*** Opening DATA TO USE ***

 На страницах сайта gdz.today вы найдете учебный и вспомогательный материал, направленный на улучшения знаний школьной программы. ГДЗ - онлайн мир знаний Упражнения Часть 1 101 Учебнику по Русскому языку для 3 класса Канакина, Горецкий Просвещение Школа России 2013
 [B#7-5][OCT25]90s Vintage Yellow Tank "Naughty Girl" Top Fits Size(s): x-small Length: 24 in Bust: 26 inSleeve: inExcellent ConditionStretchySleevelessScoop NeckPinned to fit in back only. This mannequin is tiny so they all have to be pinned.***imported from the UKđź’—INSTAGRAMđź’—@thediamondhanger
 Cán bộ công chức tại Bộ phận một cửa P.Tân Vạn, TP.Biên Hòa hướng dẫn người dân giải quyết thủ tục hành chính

*** Closing DATA TO USE ***
*** Opening DATA TO USE ***

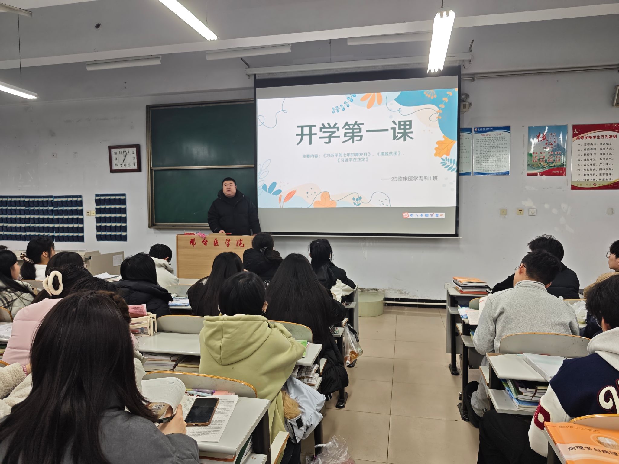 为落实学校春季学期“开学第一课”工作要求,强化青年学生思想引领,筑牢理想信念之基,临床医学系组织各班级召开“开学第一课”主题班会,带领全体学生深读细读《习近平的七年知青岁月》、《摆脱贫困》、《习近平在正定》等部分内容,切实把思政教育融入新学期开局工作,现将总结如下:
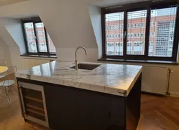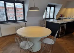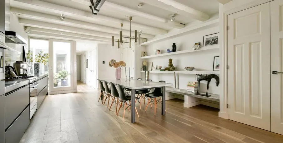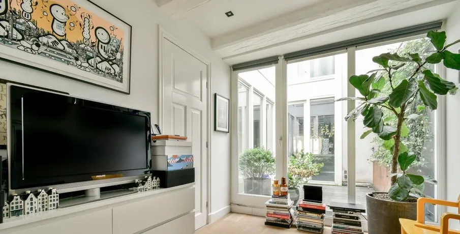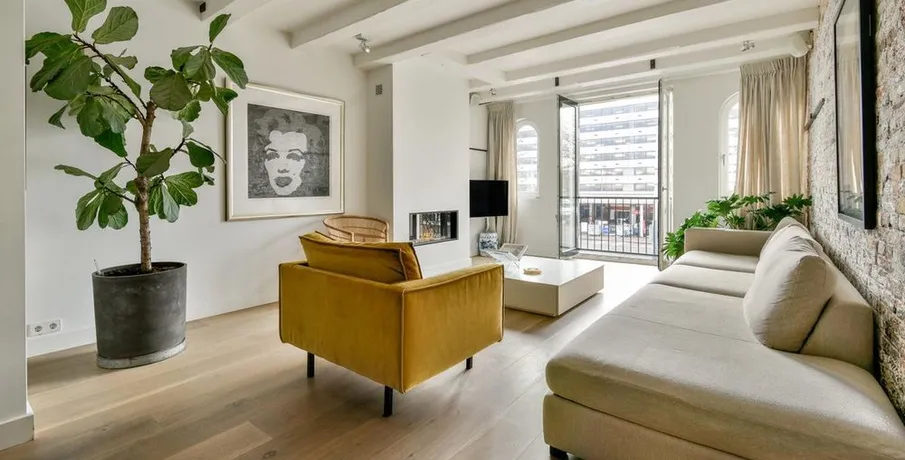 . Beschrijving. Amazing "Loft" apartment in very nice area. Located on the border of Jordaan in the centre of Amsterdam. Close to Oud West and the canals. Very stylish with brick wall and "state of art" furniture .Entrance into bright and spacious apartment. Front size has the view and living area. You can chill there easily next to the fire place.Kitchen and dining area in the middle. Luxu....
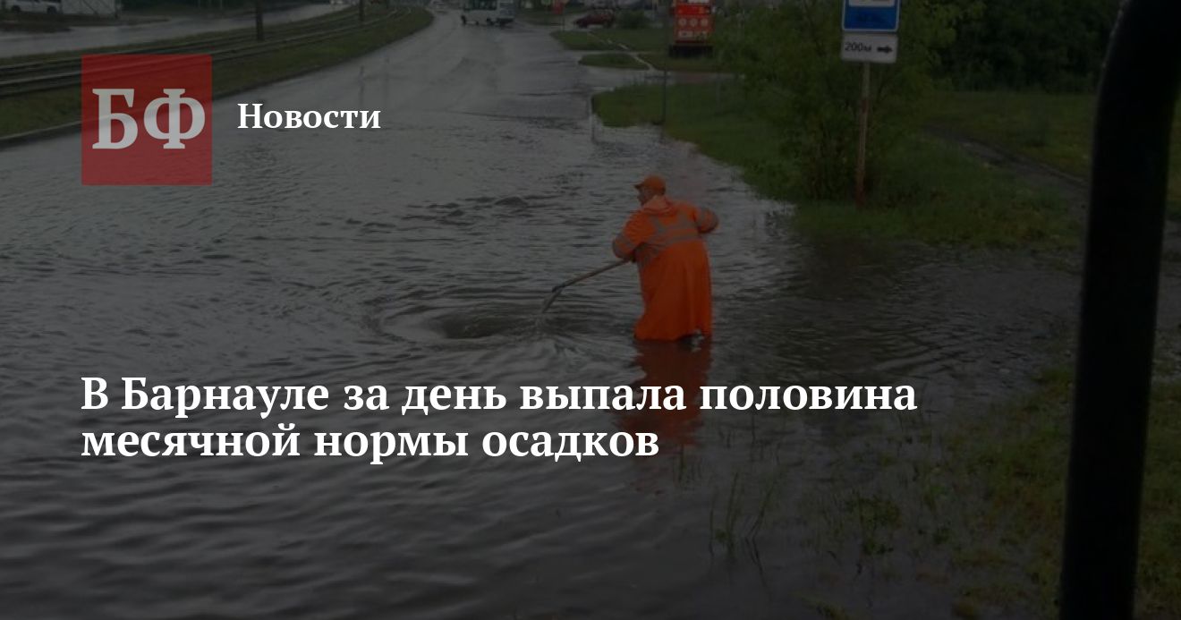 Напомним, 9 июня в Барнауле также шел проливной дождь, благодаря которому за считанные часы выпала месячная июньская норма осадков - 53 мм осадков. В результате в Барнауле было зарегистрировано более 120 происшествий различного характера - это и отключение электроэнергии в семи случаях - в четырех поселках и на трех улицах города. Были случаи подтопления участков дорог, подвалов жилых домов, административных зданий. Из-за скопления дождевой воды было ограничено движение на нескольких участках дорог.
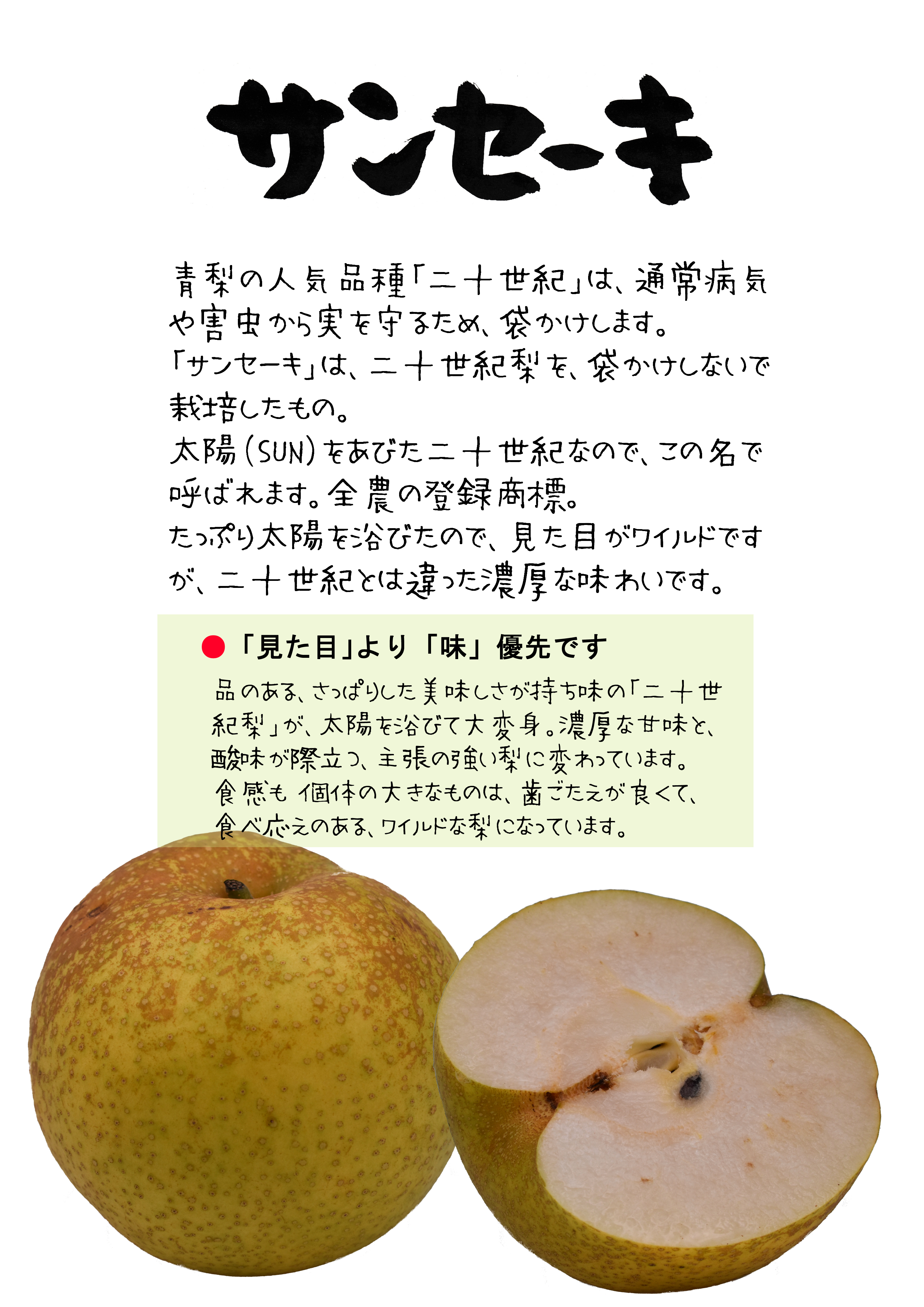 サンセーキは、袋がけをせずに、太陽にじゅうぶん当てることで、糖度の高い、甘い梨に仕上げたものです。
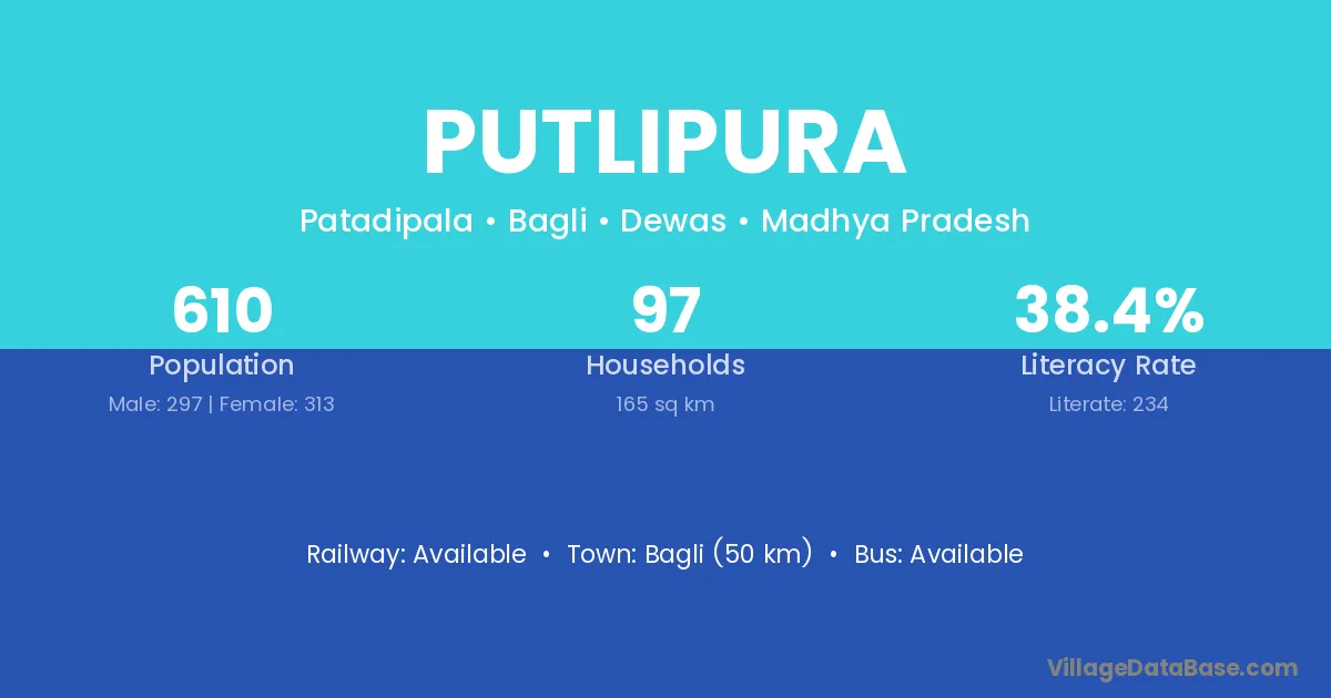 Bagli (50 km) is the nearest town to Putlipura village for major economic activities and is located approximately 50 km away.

*** Closing DATA TO USE ***

EXERCISE ▸
Go back to the listing above and write out the lines starting at the one with "サンセーキは、袋がけをせずに" and ending at the one with "Bagli (50 km)", inclusive, exactly and without pictures.

ANSWER SECTION ▸
 サンセーキは、袋がけをせずに、太陽にじゅうぶん当てることで、糖度の高い、甘い梨に仕上げたものです。
 Bagli (50 km) is the nearest town to Putlipura village for major economic activities and is located approximately 50 km away.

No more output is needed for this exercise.